9

What's the purpose of keeping track of blocks in Python bytecode?

The documentation here mentions:

... Per frame, there is a stack of blocks, denoting nested loops, try statements, and such.

But they don't actually seem necessary to actually perform loops. For instance, playing around with the REPL I see:

>>> def foo():
...   while True:
...     print('hi')
... 
>>> for inst in list(dis.get_instructions(foo)): print(inst)
... 
Instruction(opname='SETUP_LOOP', opcode=120, arg=12, argval=14, argrepr='to 14', offset=0, starts_line=2, is_jump_target=False)
Instruction(opname='LOAD_GLOBAL', opcode=116, arg=0, argval='print', argrepr='print', offset=2, starts_line=3, is_jump_target=True)
Instruction(opname='LOAD_CONST', opcode=100, arg=1, argval='hi', argrepr="'hi'", offset=4, starts_line=None, is_jump_target=False)
Instruction(opname='CALL_FUNCTION', opcode=131, arg=1, argval=1, argrepr='', offset=6, starts_line=None, is_jump_target=False)
Instruction(opname='POP_TOP', opcode=1, arg=None, argval=None, argrepr='', offset=8, starts_line=None, is_jump_target=False)
Instruction(opname='JUMP_ABSOLUTE', opcode=113, arg=2, argval=2, argrepr='', offset=10, starts_line=None, is_jump_target=False)
Instruction(opname='POP_BLOCK', opcode=87, arg=None, argval=None, argrepr='', offset=12, starts_line=None, is_jump_target=False)
Instruction(opname='LOAD_CONST', opcode=100, arg=0, argval=None, argrepr='None', offset=14, starts_line=None, is_jump_target=True)
Instruction(opname='RETURN_VALUE', opcode=83, arg=None, argval=None, argrepr='', offset=16, starts_line=None, is_jump_target=False)
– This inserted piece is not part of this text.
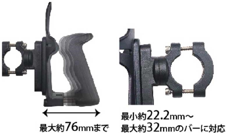 ハンドル径は22.2ミリから32ミリまで対応している。国産、外車問わず様々なバーに取り付けすることが可能。ボトルケージの底面に四角いボタンがあり、それを押しながら前後に広げたリして、ボトルを固定可能。
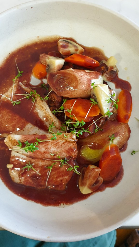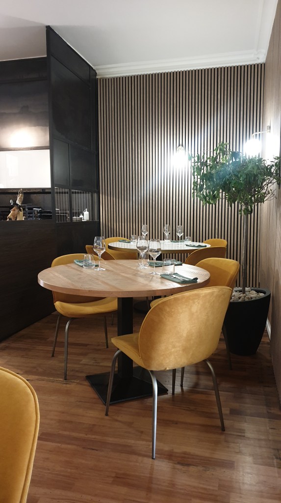 Dès l’arrivée, la bonne odeur de la cuisine au feu de bois envahit la pièce et met en appétit. Au déjeuner, il est possible de découvrir la formule au (très) bon rapport-qualité prix, qui change au moins une fois par semaine. Le jour de notre venue : crémeux panais, noix et lard, un vrai délice avec une belle longueur anisée en bouche ; des œufs mayo et sauce César, réveillés par une pointe justement dosé de salinité ; du sabre en matelote, une sauce au vin rouge non grasse et parfaitement équilibrée ; ou encore une tarte fine aux pommes simple et efficace.

The JUMP_ABSOLUTE instruction listed jumps to the LOAD_GLOBAL instruction listed. From just looking at the instructions, it seems like SETUP_LOOP and POP_BLOCK opcodes could be no-ops.

From what I understand, in Python there are no block scoped variables, so that doesn't like it would be the reason either.

math4tots
  • 8,540
  • 14
  • 58
  • 95

2 Answers2

6

CPython uses a stack machine model, where temporary values are pushed onto a value stack and popped by instructions that use them. When a loop ends, depending on how it ends, it may have left values on the value stack that are no longer needed.

A frame's block stack keeps track of the value stack level at the start of loops and a few other constructs, so the value stack can be restored to the state that code after the loop/other construct needs the stack to be in. POP_BLOCK is one of the constructs that restores the stack to a pre-block-entry state.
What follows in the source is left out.